In this section we detail previous student issues and resolutions:

  1. Question: When I run infer.exe run -- make or infer run -- mvn compile I get errors like InferModules__SqliteUtils.Error or Maven command failed.

    Answer: The most common issue is that Infer does not always run well on Windows Subsystem for Linux (WSL) or similar shortcuts to get a Linux- or Ubuntu-like interface on another OS. We strongly recommend a headless Virtual Box setup (instructions).

  2. Question: When I try to run Infer, I get cannot execute binary file: Exec format error..

    Answer: One student reports: "Finally got it.

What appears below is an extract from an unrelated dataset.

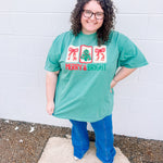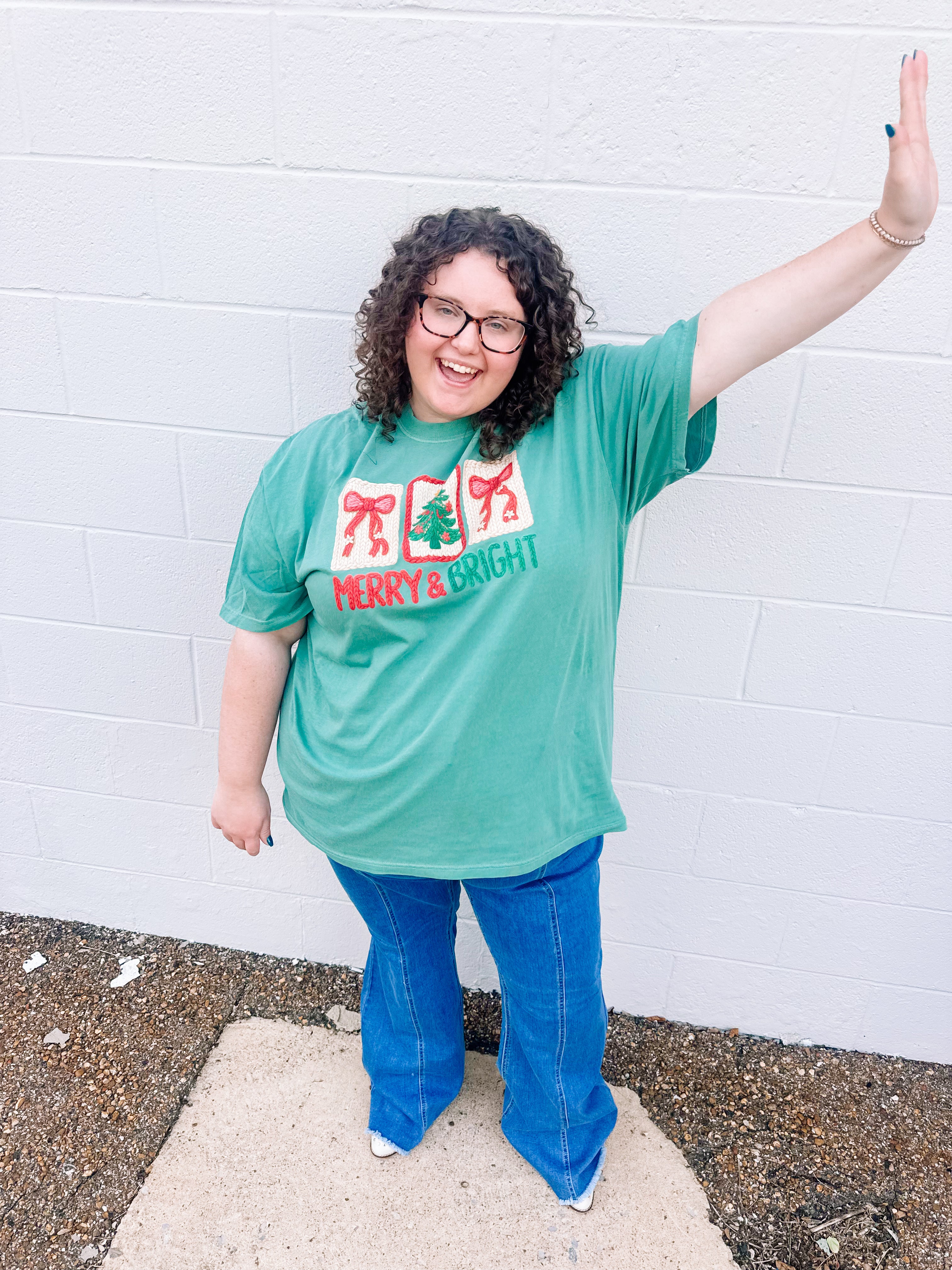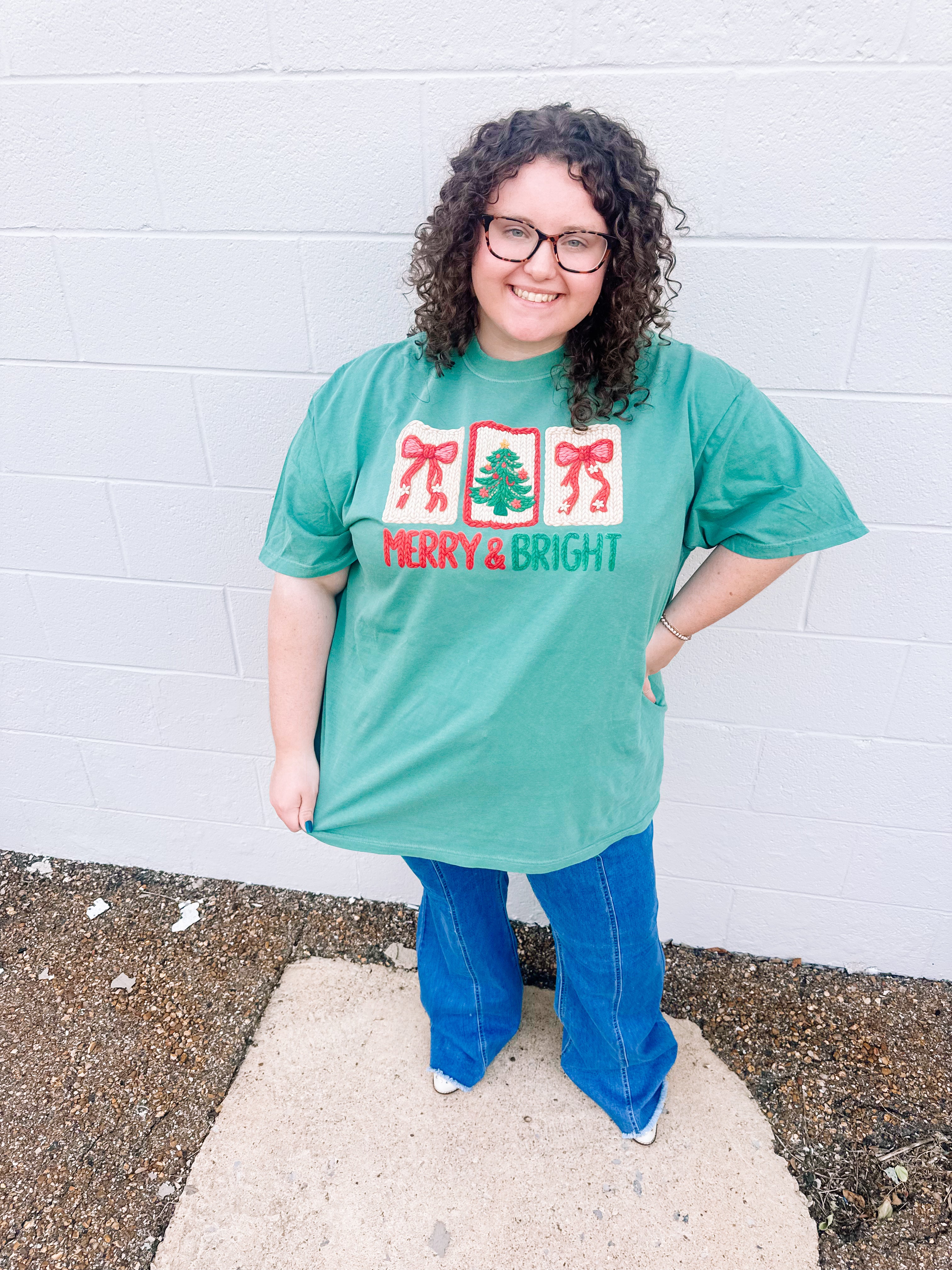 This oversized green comfort tee features a charming needlepoint-inspired design with delicate bows and the festive phrase "Merry and Bright." Crafted for all-day wear, its relaxed fit combines cozy softness with a stylish holiday touch, making it perfect for casual seasonal celebrations.
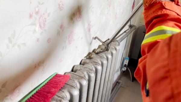 消防员寻找了2分钟后,才在暖气片上找到蛇并将其抓捕。根据蛇的颜色和头形,消防员判断,这应该是条无毒的小蛇,随后选择到安全地点将其放生。

Turns out I was using a 32 bit processor (i386) so even when I set up my vm as 64 bit, it couldn’t run any x86-64 binaries. Fixed it by installing a 64 bit vdi. https://appuals.com/fix-cannot-execute-binary-file-exec-format-error-ubuntu/

  3. Question: I see Maven command failed: *** mvn compile -P infer-capture when I try to run Infer.

    Answer: Some students have seen success with:

    sudo apt-get install cobertura maven
    sudo apt-get install openjdk-8-jdk
    
    Others reported that "I ended up having to setup an Ubuntu 16.04 VM in VirtualBox".

Written Report

You must write a detailed PDF report reflecting on your experiences with the static analysis defect detection tool (i.e., infer). In particular, all of the following are required:

The grading staff will select a small number of excerpts from particularly high-quality or instructive reports and share them with the class. If your report is selected you will receive extra credit.

Submission

Submit a single PDF report via Brightspace. You must include your name and Vandy Net ID (as well as your partner's name and email id, if applicable).

There is no explicit format (e.g., for headings or citations) required. For example, you may either use an essay structure or a point-by-point list of question answers.